Par Guillaume Roland, le 15 novembre 2019

 

La Cour de cassation vient de rappeler qu’une transaction rédigée en termes généraux interdit toute indemnisation ultérieure, à l’exception des demandes concernant des faits ultérieurs à la signature de la transaction.

En l’espèce, un salarié avait conclu avec son employeur une transaction en 2007. Le point litigieux – même s’il importe peu car la transaction était rédigée en termes généraux avec une « renonciation aux droits nés ou à naître » – concernait le classement indiciaire et les rappels de salaire afférents.

Quelques années plus tard, le même salarié avait réclamé sur le fondement d’une discrimination salariale, de nouveaux rappels de salaires.

L’employeur s’y opposait notamment en raison de la transaction signée.

La Cour de cassation n’a pas suivi l’employeur ni la Cour d’appel qui avait donné raison à ce dernier.

Tout en conservant sa jurisprudence sur l’irrecevabilité de toute demande postérieure à une transaction lorsqu’un salarié renonce à toutes réclamations de quelque nature qu’elles soient relatives tant à l’exécution qu’à la rupture du contrat (Cass. Soc. 20 février 2019 n° 17-21626), elle accepte une demande dont le fondement serait né après la signature de la transaction.

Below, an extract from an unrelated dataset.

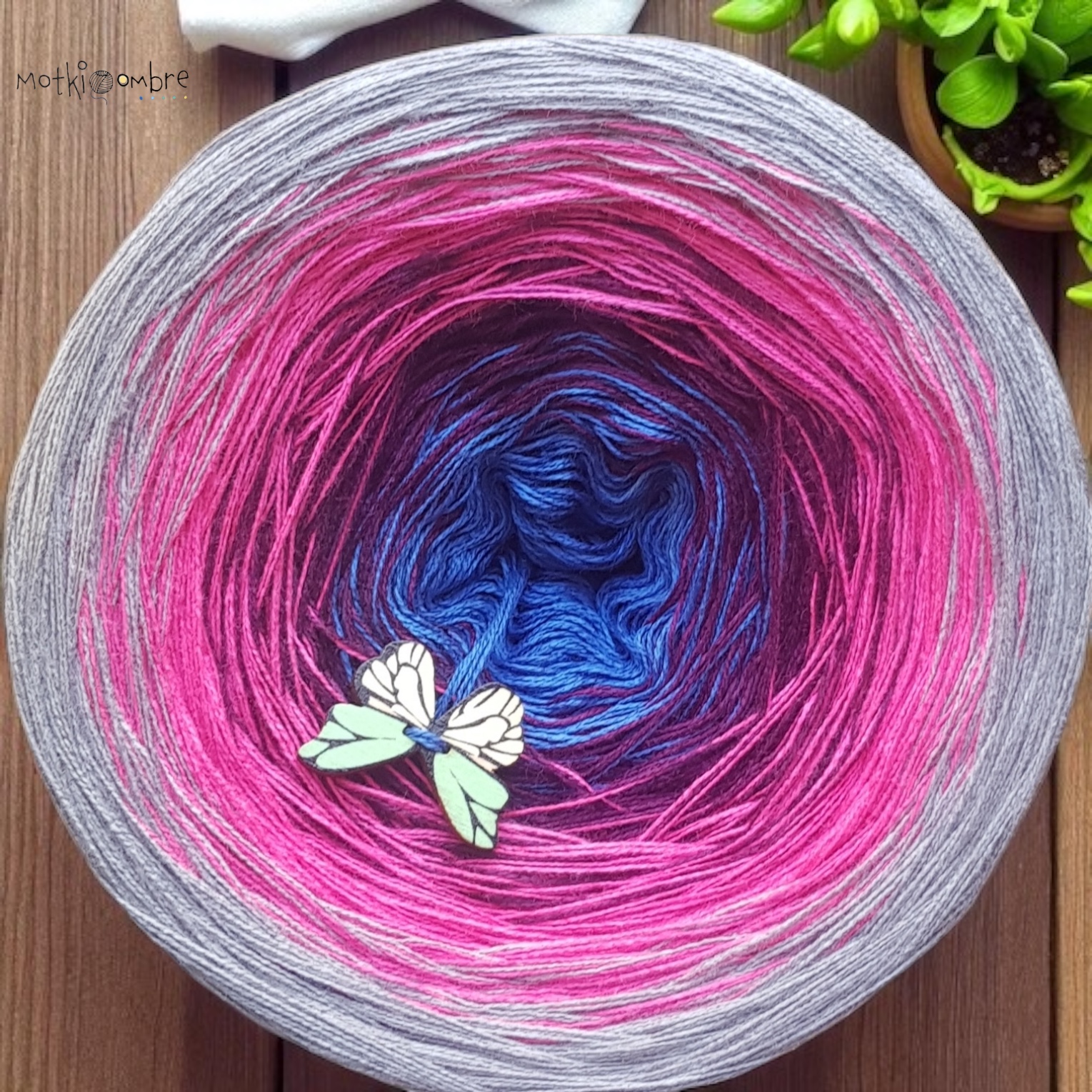 skład : bawełna/akryl 50%/50% Motek składa się z 3 lub 4 nitek , które nie są ze sobą skręcone , kolory zmieniają się nitka po nitce . Przejścia kolorów nie są równe , lecz są proporcjonalne ,co oznacza , że środkowego koloru jest najmniej a zewnętrznego najwięcej . Pozwala to na uzyskanie efektu równych pasów w chustach. Zalecane użycie motka@ombre – od środka . Zalecane szydełko 2-4mm Jakiej długości potrzebujesz ? 500m-mała chusta dla dziecka 1000m – średnia chusta , prosty wzór 1500 – duża chusta , prosty wzór 1800-2000m – chusta z dużą ilością reliefów . Staramy się aby zdjęcia odzwierciedlały jak najdokładniej rzeczywiste kolory przędzy jednak mogą one się w niewielkim stopniu różnić od rzeczywistości Zawieszka jest elementem dodatkowym , nie obowiązkowym . Staramy się aby utrzymać ciagłość kolorów lecz z powodu dostaw różnych partii towaru , odcienie mogą się nieznacznie różnić

Il est donc possible de saisir une juridiction de demandes soit qui avaient été exclues expressément d’une transaction soit dont le fondement serait né postérieurement.

 

Notre conseil : Une transaction doit être rédigée avec soin, tant pour caractériser le litige, établir le préjudice, que préciser sa portée. Prenez le temps d’en discuter les termes et ne vous focalisez pas seulement sur le montant négocié.